Jerry_Johns · October 2, 2009, 4:15am

Based on a cursory glance at the EPP spec, it seems you can use the
GPMC peripheral for this - 8-bit asynchronous data bus, with addr/data
strobe, write enable, ....
Since the GPMC gives you the ability to add non-determinisitic waits
using the WAIT pin as well, this fits right down the EPP alley way.
And you get completely controlled behaviour from this peripheral, with
microsecond accuracy in terms of transaction timing.

Jerry

jmelson · October 2, 2009, 3:40pm

Is the GPMC brought out to any pins I can get to on the Beagle Board?
If not, then it
doesn't do me much good. "Microsecond accuracy" doesn't sound very
good, I've got 4 times better
than that already with the GPIO pins that are available. Looking in
the docs, GPMC is the General Purpose Memory Controller. It seems
like it might be a bit more specific than I was looking for, with a
lot of fixed protocol built into the logic. Anyway, if I can't get
to the OMAC balls from the Beagle Board, it is not much use.

Thanks,

Jon

Gerald_Coley1 · October 2, 2009, 4:14pm

There are GPIO pins brought out onto the expansion header of the Beagle. You can find the information in the System Reference Manual http://beagleboard.org/hardware/design .

Gerald

Jerry_Johns · October 2, 2009, 4:45pm

When i meant microsecond accuracy, i meant the accuracy with which you
can trigger a transaction. The timing of the actual transactional
waveforms can be adjusted to within 5ns of accuracy, more than
sufficient for a parallel port. Truly, this is how you should be doing
it instead of loading down the ARM for GPIO toggling, which it not at
all efficient. And the GPMC peripheral is actually much more
customizable than you think - since any and all timing parameters are
configurable with 5ns clock period accuracy, you can choose to match
the EPP standard quite closely. The only thing that might be tricky is
the distinction between the address and data phases, both of which
might be coupled together in one transaction in the GPMC.

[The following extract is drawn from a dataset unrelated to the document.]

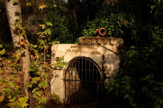 On the west fork of Cold Springs Creek in the mountains behind Montecito, near where the trail leading down from Gibraltar Road crosses the creek there, the old Cold Spring Tunnel can be seen. It was Santa Barbara’s first municipal or city-owned water supply and its successful completion led to the construction of Mission Tunnel, which delivers water through the Santa Ynez Mountains from Gibraltar Reservoir. The tunnel marks a crucial point of progress in Santa Barbara’s history.

However, it looks like the pins are not brought out on the Beagle, in
which case.....unless you're willing to go to the OMAP3EVM...

The PRCM clock module changes would be your best bet if you still
stick with GPIOs - see clock34xx.h in arch/arm/mach-omap2/ for
tweaking details. You're looking to change the EMU_PER_ALWON_CLK
output speed coming from dpll4m6.

Jerry

jmelson · October 3, 2009, 4:05am

Yes, of course, a small selection of GPIO6 pins, roughly from GPIO135
to GPIO161, with a number
missing in the middle of this range, are brought out. I don't believe
any of these can be MUX'ed to the GPMC section.

jmelson · October 3, 2009, 4:10am

When i meant microsecond accuracy, i meant the accuracy with which you
can trigger a transaction. The timing of the actual transactional
waveforms can be adjusted to within 5ns of accuracy, more than
sufficient for a parallel port. Truly, this is how you should be doing
it instead of loading down the ARM for GPIO toggling, which it not at
all efficient. And the GPMC peripheral is actually much more
customizable than you think - since any and all timing parameters are
configurable with 5ns clock period accuracy, you can choose to match
the EPP standard quite closely. The only thing that might be tricky is
the distinction between the address and data phases, both of which
might be coupled together in one transaction in the GPMC.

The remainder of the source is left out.